Designworks Homes, Inc. et al v. Thomson Sailors. Homes, LLC et al
ORDER granting 131 motion for summary judgment. Signed on 10/10/19 by District Judge Stephen R. Bough. (Diefenbach, Tracy)
IN THE UNITED STATES DISTRICT COURT
WESTERN DISTRICT OF MISSOURI
DESIGNWORKS HOMES, INC., et al.,
THOMSON SAILORS HOMES, LLC., et al.,
Case No. 18-0189-CV-W-SRB
Before the Court is Defendants’ Motion for Summary Judgment. (Doc. #131). For the
reasons discussed below, the Motion is GRANTED.
Federal Rule of Civil Procedure 56(a) requires a court to grant a motion for summary
judgment if 1) the moving party “shows that there is no genuine dispute of material fact” and 2)
the moving party is “entitled to judgment as a matter of law.” A nonmoving party survives a
summary judgment motion if the evidence, viewed in the light most favorable to the nonmoving
party, is “such that a reasonable jury could return a verdict for the nonmoving party.” Stuart C.
Irby Co. v. Tipton, 796 F.3d 918, 922 (8th Cir. 2015) (quoting Anderson v. Liberty Lobby, Inc.,
477 U.S. 242, 248 (1986)). The purpose of summary judgment “is not to cut litigants off from
their right of trial by jury if they really have issues to try.” Hughes v. Am. Jawa, Ltd., 529 F.2d
21, 23 (8th Cir. 1976) (internal quotation marks omitted) (quoting Poller v. Columbia
Broadcasting Sys., Inc., 368 U.S. 464, 467 (1962)).
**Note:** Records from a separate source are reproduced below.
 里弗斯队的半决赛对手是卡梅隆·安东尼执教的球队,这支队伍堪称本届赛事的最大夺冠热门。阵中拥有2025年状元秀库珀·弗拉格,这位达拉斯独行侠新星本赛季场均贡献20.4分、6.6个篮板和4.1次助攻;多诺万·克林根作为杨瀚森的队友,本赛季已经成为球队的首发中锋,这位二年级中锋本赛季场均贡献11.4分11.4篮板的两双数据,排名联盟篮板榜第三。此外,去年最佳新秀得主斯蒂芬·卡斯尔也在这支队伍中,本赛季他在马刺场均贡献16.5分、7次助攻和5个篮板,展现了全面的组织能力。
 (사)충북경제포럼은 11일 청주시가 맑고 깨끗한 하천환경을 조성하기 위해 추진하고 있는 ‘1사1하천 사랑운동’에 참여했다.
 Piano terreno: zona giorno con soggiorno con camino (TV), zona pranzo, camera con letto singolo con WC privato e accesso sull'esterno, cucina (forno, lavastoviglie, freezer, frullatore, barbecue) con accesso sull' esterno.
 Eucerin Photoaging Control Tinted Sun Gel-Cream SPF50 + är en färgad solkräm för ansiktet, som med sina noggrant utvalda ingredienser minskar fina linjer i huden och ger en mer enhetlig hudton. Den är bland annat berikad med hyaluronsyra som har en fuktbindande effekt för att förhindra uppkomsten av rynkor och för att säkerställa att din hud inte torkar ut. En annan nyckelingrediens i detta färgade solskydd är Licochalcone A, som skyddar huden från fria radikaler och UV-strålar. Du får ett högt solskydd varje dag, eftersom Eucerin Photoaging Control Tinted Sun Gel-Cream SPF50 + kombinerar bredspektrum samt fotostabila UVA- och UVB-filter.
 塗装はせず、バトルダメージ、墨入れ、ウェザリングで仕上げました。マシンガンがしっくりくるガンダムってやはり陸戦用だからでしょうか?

Considering the parties’ statements of facts and supporting evidence in the light most
favorable to Plaintiffs as the non-moving party, the Court finds the relevant facts to be as
Plaintiff Charles Lawrence James is the sole shareholder and home designer for Plaintiff
Designworks Homes, Inc., a design-build company. In 1996, Plaintiff James designed and built
a home that had a “unique triangular atrium design with stairs as part of the main room” at 4306
Melrose in Columbia, Missouri. (Doc. #51, p. 4). In 1999, Plaintiff James built a second home
that incorporated the triangular atrium design at 1713 Kenilworth in Columbia, Missouri.
Between 1999 and 2001, Plaintiff James built a third house featuring the triangular atrium design
at 4804 Chilton in Columbia, Missouri. On May 10, 2004, Plaintiffs registered the triangular
atrium design as a copyrighted architectural work titled “Atrium ranch on walk-out; Angular
atrium ranch” with respect to the home constructed at 4804 Chilton Court. (Doc. #51, p. 4). On
June 6, 2013, Plaintiffs registered the design as a copyrighted architectural work for a house not
yet constructed. On April 22, 2018, Plaintiff James registered the design as a copyrighted
technical drawing with respect to the home at 4306 Melrose Drive. Also, on April 22, 2018,
Plaintiff James registered the design as a copyrighted technical drawing with respect to the home
at 1713 Kenilworth in Columbia, Missouri.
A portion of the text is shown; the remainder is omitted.